Depuis sa création en 2001, SJ AB est passée d’une agence gouvernementale à une entreprise moderne, rentable et compétitive. Aujourd’hui, le principal opérateur ferroviaire suédois, la société est divisée en trois divisions et cinq fonctions stratégiques. Les trois divisions, une pour la circulation ferroviaire, une autre pour la gestion de flotte et une troisième pour les ventes et la distribution, travaillent principalement à la production et assument la responsabilité opérationnelle. En 2011, l’entreprise nationale fournissait 56,6% de l’ensemble des passagers/kilomètres ferroviaires en Suède. La concurrence fournit donc un pourcentage important de trafic, que l’on résume par ces deux graphiques :

Récemment, dans l’édition 2019 de l’enquête Svensk Kvalitets Index (SKI), qui étudie tous les transports, avions et bus inclus, la compagnie MTR s’en tirait avec une honorable quatrième place. Manifestement, la libéralisation du rail en Suède n’a pas été une catastrophe pour l’entreprise historique SJ. On remarque le même phénomène ailleurs, en Italie, en Allemagne, en Tchéquie et en Autriche. Le transporteur national a transporté en 2018 un nombre record de 31,8 millions de passagers, soit une augmentation de 1,5 million par rapport à 2017. Alors que les ventes nettes ont augmenté de 7,78 milliards de couronnes suédoises en 2017 à 7,87 milliards de couronnes suédoises, le bénéfice d’exploitation a cependant chuté de près de 37%.

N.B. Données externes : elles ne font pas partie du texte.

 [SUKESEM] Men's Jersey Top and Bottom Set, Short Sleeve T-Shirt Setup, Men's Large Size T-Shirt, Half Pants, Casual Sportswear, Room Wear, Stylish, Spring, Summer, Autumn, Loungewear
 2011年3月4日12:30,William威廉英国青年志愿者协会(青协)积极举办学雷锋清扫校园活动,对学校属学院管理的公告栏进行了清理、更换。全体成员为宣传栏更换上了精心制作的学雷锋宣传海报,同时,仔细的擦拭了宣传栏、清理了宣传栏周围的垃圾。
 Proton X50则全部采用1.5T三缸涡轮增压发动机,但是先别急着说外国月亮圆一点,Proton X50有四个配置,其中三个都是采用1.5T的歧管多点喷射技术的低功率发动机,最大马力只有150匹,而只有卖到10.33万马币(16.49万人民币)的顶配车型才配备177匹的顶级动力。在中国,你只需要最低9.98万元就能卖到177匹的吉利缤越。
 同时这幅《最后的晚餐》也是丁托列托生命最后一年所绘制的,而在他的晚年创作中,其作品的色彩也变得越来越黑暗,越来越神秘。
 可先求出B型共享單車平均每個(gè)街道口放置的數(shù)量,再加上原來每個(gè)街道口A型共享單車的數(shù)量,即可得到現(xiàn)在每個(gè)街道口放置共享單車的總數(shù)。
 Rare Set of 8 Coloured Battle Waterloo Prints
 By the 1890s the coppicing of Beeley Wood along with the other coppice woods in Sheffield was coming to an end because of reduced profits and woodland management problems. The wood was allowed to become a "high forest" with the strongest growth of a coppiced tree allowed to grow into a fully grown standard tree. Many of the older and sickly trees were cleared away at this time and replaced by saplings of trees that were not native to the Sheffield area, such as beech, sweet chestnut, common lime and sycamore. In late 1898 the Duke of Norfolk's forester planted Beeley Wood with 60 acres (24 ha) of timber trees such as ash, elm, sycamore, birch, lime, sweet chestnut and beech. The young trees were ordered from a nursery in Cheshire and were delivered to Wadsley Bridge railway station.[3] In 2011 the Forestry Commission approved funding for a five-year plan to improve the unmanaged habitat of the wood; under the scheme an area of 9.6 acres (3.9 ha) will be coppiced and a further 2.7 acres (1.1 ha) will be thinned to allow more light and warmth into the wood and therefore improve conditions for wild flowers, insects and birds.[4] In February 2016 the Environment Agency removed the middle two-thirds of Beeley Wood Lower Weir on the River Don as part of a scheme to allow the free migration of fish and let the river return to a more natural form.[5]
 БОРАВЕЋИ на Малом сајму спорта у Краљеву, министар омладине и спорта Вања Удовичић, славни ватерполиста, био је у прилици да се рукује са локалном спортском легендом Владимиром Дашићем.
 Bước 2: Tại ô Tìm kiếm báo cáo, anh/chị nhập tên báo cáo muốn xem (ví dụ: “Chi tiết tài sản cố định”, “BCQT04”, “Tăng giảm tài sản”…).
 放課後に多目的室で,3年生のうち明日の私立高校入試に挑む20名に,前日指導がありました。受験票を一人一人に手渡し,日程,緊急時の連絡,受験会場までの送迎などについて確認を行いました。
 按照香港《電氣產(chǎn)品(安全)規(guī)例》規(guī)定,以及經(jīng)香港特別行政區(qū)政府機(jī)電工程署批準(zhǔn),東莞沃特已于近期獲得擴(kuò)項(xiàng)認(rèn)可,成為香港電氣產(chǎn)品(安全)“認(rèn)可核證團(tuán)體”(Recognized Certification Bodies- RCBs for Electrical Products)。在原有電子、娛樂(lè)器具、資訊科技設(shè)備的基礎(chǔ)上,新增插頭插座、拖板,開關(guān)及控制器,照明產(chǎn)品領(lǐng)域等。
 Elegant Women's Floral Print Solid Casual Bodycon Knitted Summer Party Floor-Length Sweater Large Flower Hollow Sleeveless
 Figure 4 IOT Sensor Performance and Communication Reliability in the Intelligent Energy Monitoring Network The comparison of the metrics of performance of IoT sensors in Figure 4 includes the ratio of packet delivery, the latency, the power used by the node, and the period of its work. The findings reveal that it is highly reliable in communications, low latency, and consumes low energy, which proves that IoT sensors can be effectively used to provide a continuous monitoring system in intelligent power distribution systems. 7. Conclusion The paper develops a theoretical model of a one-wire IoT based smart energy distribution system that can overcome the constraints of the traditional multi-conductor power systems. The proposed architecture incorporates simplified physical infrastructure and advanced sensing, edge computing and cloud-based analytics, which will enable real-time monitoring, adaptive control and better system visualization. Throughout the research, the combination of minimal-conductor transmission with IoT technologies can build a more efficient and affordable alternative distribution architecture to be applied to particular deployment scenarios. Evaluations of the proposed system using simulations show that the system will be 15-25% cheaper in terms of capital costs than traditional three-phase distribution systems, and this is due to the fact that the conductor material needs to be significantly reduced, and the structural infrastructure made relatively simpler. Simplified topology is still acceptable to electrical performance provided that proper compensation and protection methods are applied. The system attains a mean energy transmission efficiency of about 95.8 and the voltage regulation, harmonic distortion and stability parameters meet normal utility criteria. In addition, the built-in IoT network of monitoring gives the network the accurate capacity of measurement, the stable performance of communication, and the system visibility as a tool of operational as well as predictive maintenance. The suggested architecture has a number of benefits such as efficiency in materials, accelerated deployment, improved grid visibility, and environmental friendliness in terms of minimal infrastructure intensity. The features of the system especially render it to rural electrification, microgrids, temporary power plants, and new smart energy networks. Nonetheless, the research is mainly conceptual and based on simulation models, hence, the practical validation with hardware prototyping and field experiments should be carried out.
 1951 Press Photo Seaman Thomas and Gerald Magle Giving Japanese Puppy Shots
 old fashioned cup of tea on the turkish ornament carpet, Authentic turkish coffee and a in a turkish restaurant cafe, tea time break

La concurrence a une nouvelle fois montré qu’elle pouvait inspiré le service public, comme on l’avait constaté en Italie, entre NTV-Italo et Trenitalia. Par exemple, en mai 2018, les SJ se sont alignés sur MTR Express au sujet d’un billet plus flexible pour les voyages d’affaire. SJ a dû aussi baisser ses prix pour répondre aux appel d’offre des Comtés.

>>> Voir : NTV-Italo, sept ans et désormais le succès

Les SJ rénovent aussi leurs trains pendulaires X2000. En avril 2016, SJ a attribué à Swedtrac, filiale de Knorr-Bremse, un contrat d’un milliard de couronnes suédoises pour la rénovation intérieure de 227 véhicules X2000. Tous les sièges, les tapis, les boiseries et les porte-bagages sont en train d’être remplacés et l’espace bistro est en train d’être redessiné. Concernant la concurrence en Suède, Caroline Åstrand, vice-présidente exécutive et responsable de la division produits aux SJ, déclarait en 2018 à l’International Railway Journal : « L’offre a augmenté, le client a donc plus de choix, ce qui est bien, et il y a eu effet global positif sur les tarifs. Sur les marchés où la concurrence est vive, le rail a gagné des parts de marché des compagnies aériennes. Nous avons apporté des améliorations pour faire face à la concurrence et cela a été bénéfique pour SJ. Et c’est bon pour l’environnement si nous pouvons défier les compagnies aériennes. Jusqu’ici tout va bien. »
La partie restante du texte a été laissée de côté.